As I watched the Obama/Romney debate unfold, I was reminded of The Great Debate of 1960 between Sen. John F. Kennedy and Vice President Richard M. Nixon. It’s too bad that President Barack Obama’s prep team didn’t have it in mind.
In 1960 the Nixon/Kennedy presidential debate afforded the voters the first opportunity to see their candidates in action and the visual contrast was dramatic. The session was about domestic politics as was this present skirmish. Mr. Nixon was in an ill-fitting shirt and he refused makeup to improve his sallow complexion and to erase a perpetual “five o’clock shadow.” By contrast, Mr.
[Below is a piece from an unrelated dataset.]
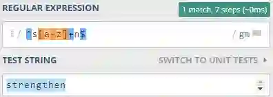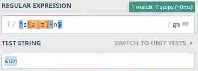 现在 sun 和 strengthen 都可以匹配出来了。起作用的是 [a-z]+,[a-z] 表示小写的字母 a 到 z 的集合,而 + 代表大于一次,联合在一起的意思就是该单词“以 s 开头,以 n 结尾,中间有大于一个的任何小写字母”。

Kennedy appeared energetic and well-rested.
For those deprived of a visual cue, radio listeners declared Mr. Nixon the winner of the debate. But the 70 million who tuned in to watch, overwhelmingly, declared Mr. Kennedy as the victor. Television viewers focused on what they saw, not necessarily on what they heard. History repeated itself again Wednesday. Mr. Romney appeared charismatic and in control, while Mr. Obama looked like he really wanted to be at dinner instead of on stage for his 20th wedding anniversary celebration.
The optics for Obama were all wrong. His podium was not central to the camera shots. He always was akimbo when he was answering questions. The camera shots of Mr. Romney had him turned up front and center to the camera. The total effect made the President look evasive, while Mr. Romney was answering “dead on.” The Obama team clearly is at fault for not vetting the camera angles.
The “ums” and “ahs” didn’t help Mr. Obama, even with the radio crowd. Reading the transcripts of the debate only might have helped voters conclude that it was a “draw.” CBS and CNN did split screens. The Republican challenger looked at the president and Mr. Obama’s downward glance at his notes for much of the debate made it look like he was disengaged and furtive.
Mr. Romney’s approach of being both a candidate and the moderator on occasion gave him an “in-charge” persona. Mr. Obama was too meek and appeared to be on the ropes. He missed many opportunities to pin Mr. Romney to specifics or outright pivots in his position. The Democrat president was far too defensive in his answers. He even sounded a bit whiny when he talked about not promising to be a perfect president, a promise that his opponent probably thought was one he kept.
The atmospheric tone of the debate hurt Mr. Obama, perhaps irreparably. Granted, there are two more debates but this one was on domestic issues. The content of this debate was stage center for the voting public. While foreign affairs, for example, which is the subject of a subsequent debate is vitally important, folks are more interested in the impact of the presidency on their lives. Foreign policy invariably also impacts the quality of life for citizens and job growth, but the public has a hard time understanding this nexus. Bread-and-butter issues on the home front are easier for them to understand.
It wouldn’t surprise me if you see Mitt Romney spurt ahead in the polls and most of the swing states. The momentum on his side will be hard for Obama to derail, now that the president’s train ran off the track.